AlignFreeNet: Is Cross-Modal Pre-Alignment Necessary? An End-to-End Alignment-Free Lightweight Network for Visible-Infrared Object Detection
Dingkun Zhu, Haote Zhang, Lipeng Gu, Wuzhou Quan, Fu Lee Wang, Honghui Fan, Jiali Tang, Haoran Xie, Xiaoping Zhang, Mingqiang Wei
TL;DR
This paper tackles cross-modal misalignment in visible-infrared object detection by proposing AlignFreeNet, an alignment-free fusion framework. It introduces two core modules, Variation-guided Cross-Modal Compensation (VCC) and Frequency-guided Cross-modal Fusion (FCF), leveraging Haar wavelet transforms and SS2D to enhance per-modality representations and robustly fuse features without explicit alignment. Across three challenging datasets (DVTOD, M3FD, DroneVehicle), AlignFreeNet achieves state-of-the-art performance under severe mixed misalignments while maintaining lightweight efficiency. The work demonstrates that alignment-free fusion, guided by modality variations and frequency-domain gating, can outperform traditional alignment-based strategies in multimodal perception tasks.
Abstract
Cross-modal misalignments, such as spatial offsets, resolution discrepancies, and semantic deficiencies, frequently occur in visible-infrared object detection (VI-OD).
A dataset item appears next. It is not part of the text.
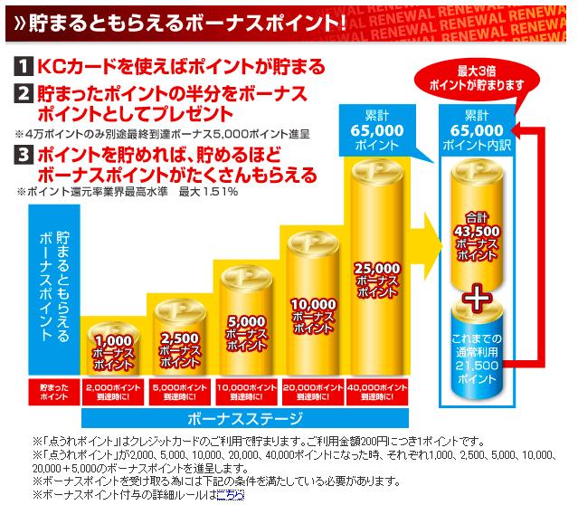 KCカードには「点でうれしいポイント」という仕組みがあり、ポイント獲得数が一定ポイントに達するとそこからさらにボーナスポイントが付くのです!

To mitigate this, existing methods are typically adapted into an alignment-based fusion paradigm, in which an explicit pixel- or feature-level alignment module is inserted before cross-modal fusion. However, pixel-level alignment struggles to cope with severe or mixed misalignments, whereas feature-level alignment often introduces undesirable noise into fused representations under such conditions, ultimately limiting detection performance. In this paper, we propose a novel alignment-free network (AlignFreeNet) for VI-OD. Differing from prior methods, AlignFreeNet abandons any explicit alignment and instead adopts an alignment-free fusion paradigm. Specifically, AlignFreeNet comprises two core modules: variation-guided cross-modal compensation (VCC) and frequency-guided cross-modal fusion (FCF). VCC adaptively feeds the compensated information derived from cross-modal discrepancies back into each modality, enhancing visible and infrared representations without the noise caused by explicit alignment. FCF achieves robust cross-modal fusion by suppressing task-irrelevant redundancy via frequency-domain gating, effectively mitigating noise introduced in the process. Moreover, VCC and FCF jointly exploit low- and high-frequency cues to preserve foreground contours in fused representations, effectively mitigating cross-modal blending caused by severe mixed misalignments. Extensive evaluations on DVTOD, M3FD, and DroneVehicle demonstrate that our AlignFreeNet achieves state-of-the-art performance under severe mixed misalignment conditions, highlighting its robustness and generalization.